На этот раз она вышла, закрыв за собой дверь, и спросила, в порядке ли я. Спросила не столько из-за позднего времени, сколько из-за того, что была поражена моими словами и нужно было что-то ответить. Элиана подтолкнула меня к лестнице, которая вела в коридор и на кухню, подальше от комнаты матери. В тот субботний апрельский вечер было довольно тепло, и входную дверь можно было оставить открытой. В апреле солнце уже стояло высоко, а окружавшие с трех сторон старый дом сосны больше не препятствовали свету проникать в нижние комнаты. Они всегда были холодными, темными и влажными, особенно гостиная, где мы никогда не сидели втроем: ели мы на кухне, читали или работали каждый в своей комнате. Но там любила отдыхать мать, говорившая, что сон в середине дня в спальне как предвкушение смерти.

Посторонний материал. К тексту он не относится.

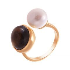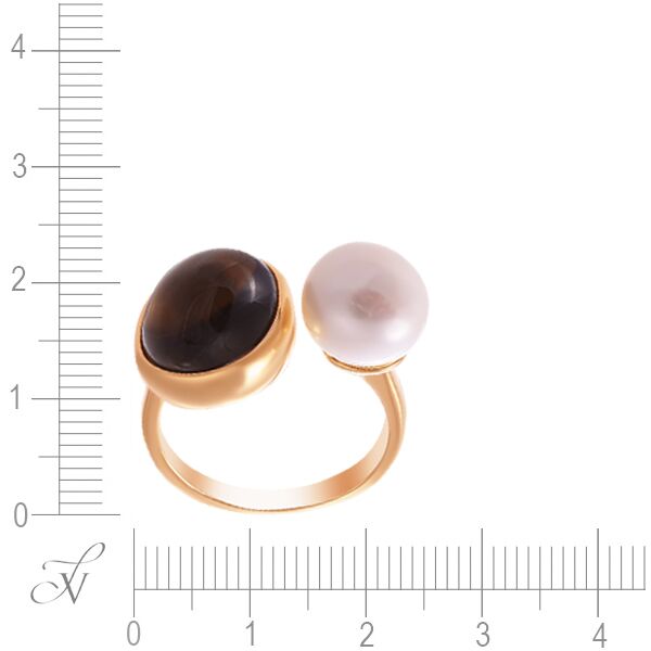 Кольцо из серебра 925 пробы с раухтопазами и барочным жемчугом код. 84607

«Знаешь, не следует доверяться внешности, даже если действительность против тебя», – сказала сестра, вскипятив воду. Потом она, не пролив ни капли, налила кипятка в свою чашку с порошковым кофе и в мою чашку с какао. Я пил его без молока, поскольку мать считала, что это полезно для пищеварения. А сестра не давала мне кофе, потому что он мог усилить мое беспокойство.
Нет, я ничего не знал, я ничего не понимал. Я не понимал, почему она не сказала мне, что я не красавец, но и не урод или что я «неплох», как выражалась ее единственная подружка в Сьоме Ан Демаре, когда они с Селин Судей говорили о парнях. Но она молчала. Когда сестра на меня смотрела, на лице было примерно такое же выражение, как у матери: нечто вроде покорности и ужаса, разочарования и чувства жалости. И никогда я не видел выражения удовлетворения или радости, а лишь чувство более близкое к ненависти (или отвращения, способного вызвать ненависть), как одной из форм любви, включая ее искаженную форму в виде нежности. Ко всему добавлялось неизбежное смущение и раздражение, что ничего нельзя было сделать, кроме как признать, что я действительно урод, и покончить с этим вопросом. Именно это я и понял, когда она провела по моему лицу своими теплыми от горячей чашки пальцами, глядя на меня и не видя меня, словно нанося на мое лицо желто-голубые цветы с фарфора.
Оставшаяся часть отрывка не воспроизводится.